Wow, I did not expect Colin's direct reply - and so prompt! Thanks,
and great to know binary updates will be foreseeable.
I actually already did it again, since it doesn't make sense to binary
upgrade all those source files, I renamed /usr/src to something else,
and this greatly reduced the number of files for fetching to 435 ones.
The old error message is gone (it's a fairly new and high quality
server). It was eventless until to the following:
Installing new kernel into /boot/GENERIC... done.
Moving /boot/kernel to /boot/kernel.old... done.
Moving /boot/GENERIC to /boot/kernel... done.
Removing schg flag from existing files...
Then my connection to the server froze and I found the server rebooted
itself. After login I found it was 6.1-RELEASE FreeBSD 6.1-RELEASE
#0: Sun May 7 04:32:43 UTC 2006.
Don't know why it rebooted, and my concern it: had it finished
upgrading? I looked into the upgrade.sh and found it should continue
working on files referred in old-index, new-index-nonkern, new-index.

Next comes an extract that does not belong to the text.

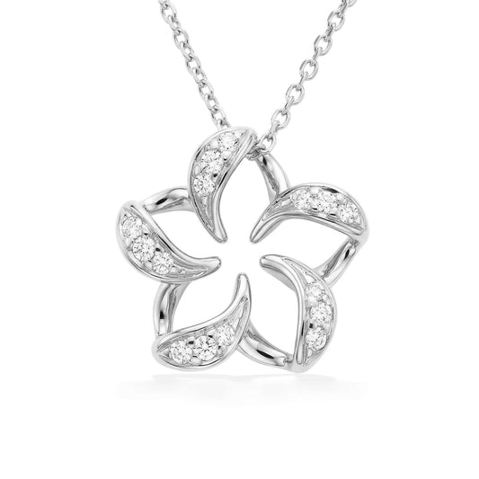 Classic Floating Plumeria Pendant with Pavé Set Diamonds

However none of these files were found in the directory. Also I am
worried whether the schg flags were recovered. How can I check these?
Colin Percival wrote:
> John Rogers wrote:
> Hi, I was upgrading following Colin's "FreeBSD 6.0 to FreeBSD 6.1
> binary upgrade"
> but it failed. I installed freebsd 6.0 release and only used Colin's
> freebsd-update to updae before. There is plenty of free space on that
> partition. What do you advise me to do to finish the upgrade?
Based on what you pasted below, I suggest
1. Figure out why /usr/bin/gdbtui can't be read. In particular, make
sure your hard drive isn't dying.
2. The error which made the script terminate is either due to a dying
hard drive or a network problem which made it impossible to fetch some
files. Re-run the script; it won't bother fetching files which it
Note that at this point all the script has done is to examine your
system and download files; it won't start actually upgrading anything
until it makes sure that it has all the files it needs. :-)

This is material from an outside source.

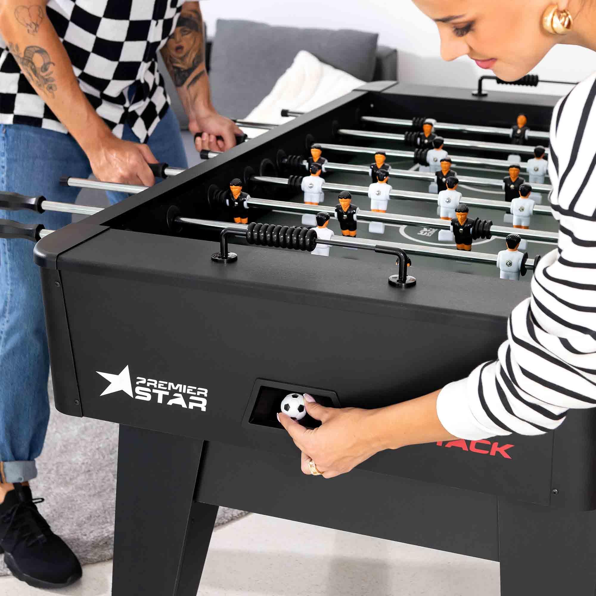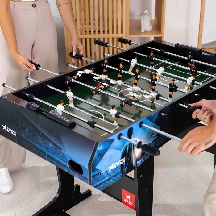 Il a été conçu pour se plier facilement et se poser verticalement. Il a été équipé de larges pieds pour assurer une stabilité plus que suffisante. La table a été fabriquée en panneaux de fibres à densité moyenne, qui ont été en outre recouverts de stratifié. Baby-foot Vallecas pour enfants avec jambes repliables STABILITÉ - Grâce à sa construction robuste, il reste fermement en place lors de chaque jeu dynamique et émotionnel. MEILLEURE FINITION - Ce baby-foot a été fabriqué à partir de panneaux MDF de la plus haute qualité, qui sont également recouverts d'une couche protectrice de stratifié. Poignées antidérapantes Les poignées de la table de jeu sont fabriquées en caoutchouc résistant. Cela protège contre les dommages extérieurs. Sous les pieds se trouvent des vis de nivellement pour compenser les irrégularités du sol. ASSEMBLAGE RAPIDE ET PLIABLE - Grâce aux instructions de montage fournies, le kicker peut être assemblé en un rien de temps. Sa forme ergonomique et son profil bien pensé vous permettent de garder tout en main pendant le jeu. Baby-foot Vallecas pour enfants avec jambes repliables Vous avez également la possibilité de plier la table lors d'une pause ou après le jeu pour gagner de la place. Gamegenic Loisir HOP-Sport® Table De Baby-Foot Corner, Table De Football Pour Enfants Et Adultes, Baby-Foot Avec 3 Ballons Pour La Maison, Très Stable Et Robuste Jeu Intérieur Enfant Adulte Babyfoot Sector de Hop-Sport. Ce sera un énorme succès lors de chacune de vos soirées. Grâce à sa construction particulièrement stable, la table de baby-foot Sector est particulièrement adaptée aux matchs de football très dynamiques. Il a été fabriqué en MDF de haute qualité résistant à l'humidité. Détails : Surface de jeu claire Le confort des joueurs n'est pas trop court avec la table de baby-foot Sector. TERRAIN DE JEU AMÉLIORÉ - Les coins du terrain de jeu sont légèrement surélevés sur cette table de jeu. Montage facile et rangement peu encombrant. Les figurines sont montées sur des barres creuses galvanisées et chromées (mais ne sont pas pré-assemblées lors de la livraison). Chaque table de jeu contient des zones inactives ou mortes. CONSTRUCTION ROBUSTE : Fabriqué en panneau MDF résistant à l'humidité, recouvert de stratifié PVC imitant le bois. Pieds larges et réglables pour une stabilité... Le terrain de jeu comprend une surface verte neutre, de sorte que les joueurs ne seront pas distraits du match de football réel avec des effets supplémentaires. 3 balles de jeu sont également incluses., Construction robuste. Pour lutter contre ce problème, les coins ont été légèrement surélevés afin que la balle puisse rouler tout seul et ne reste pas debout. Avec les instructions de montage fournies (français non garanti), la table de baby-foot Sector est montée en un tour de main.

> I also wonder why these binary update and upgrade are not legitimized
> in the freebsd core distribution. An important reason why linux is
> used by more is its easy update solution similar to Microsoft's
> Windows Update. Sure "make world" is fun especially to developers.

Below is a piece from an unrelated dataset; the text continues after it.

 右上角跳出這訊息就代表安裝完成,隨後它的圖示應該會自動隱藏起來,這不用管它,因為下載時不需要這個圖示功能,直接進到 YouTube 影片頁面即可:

> But providing easy update and upgrade tools in addition will attract a
> large user base who just need a stable and easy to use operation
> system - and many of them can be companies who can be potential donors
> to the freebsd project. So the effort to this path will be well
We're moving in that direction. Everything starts out by being experimental
before becoming officially supported and endorsed.